Friday was a big day that included three appointments. First was a post-op check of the PEG. That went really well.

Second was my CT Simulation. In anticipation of radiation treatment, they made a mask of my head, neck and shoulders by stretching a warm  thermo-plastic mesh over me and tacking it to the CT scan table. Once the mask cooled to its rigid final form I was firmly locked to the table. They attached a few reference tags to the mask to aid in alignment and then marked me with a tiny tattoo. It's so tiny that you probably couldn't find it if you went looking for it. But, nevertheless, Bridget is now the only tattoo-free member of this side of the family. Unfortunately, I didn't think to have them take photos of me during the process. But, here's what it looked like afterwards.

 

Once that was done they loaded me into the CT scan tunnel to make a digital 3D image of head and neck.

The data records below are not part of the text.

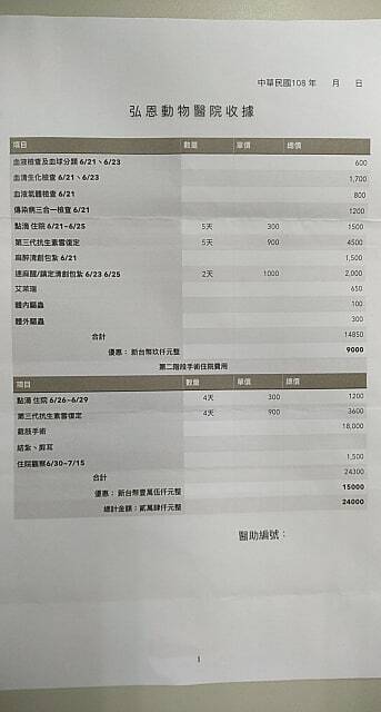 尚待第二筆收據。動物近況說明: 由發現民眾余小姐認養
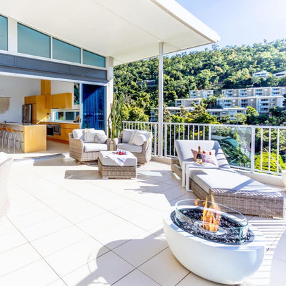 This white fire table is made with Fluid Concrete Technology making it structurally robust and weatherproof. It comes in a choice of 3 finishes and a larger size, please see other listings.
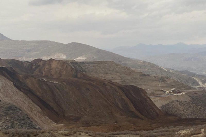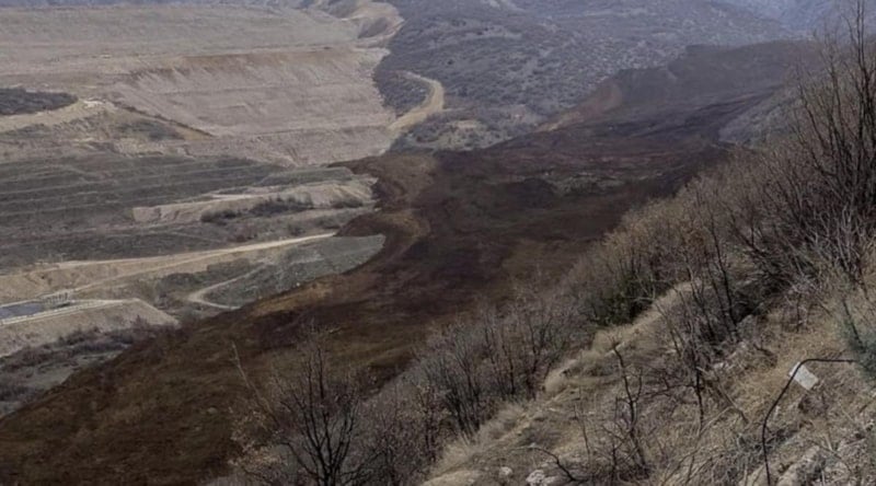 Altın madeninden çıkartılan toprakların depolandığı büyük alanda toprak kayması yaşandı.

This will be used to calculate the strength and direction of the radiation to most effectively penetrate the good tissue and target the cancerous areas. Calculation and consultations should take about 2 weeks. The the radiation/chemo treatment combo can then commence.

Finally, we met with the folks at Home Care IV to get trained on the care and feeding of my PEG. It's simple. Inject 60 ml of water each day to flush it until the time I might need it. Then come back and they'll supply me with the dietary supplements I  might want.

Monday we return to the chemo oncologist. He had suggested a pre-dose of chemo if this whole process was going to take too long. Hopefully, we have made enough progress that he'll hold off until the anticipated July 13 start date for the complete treatment.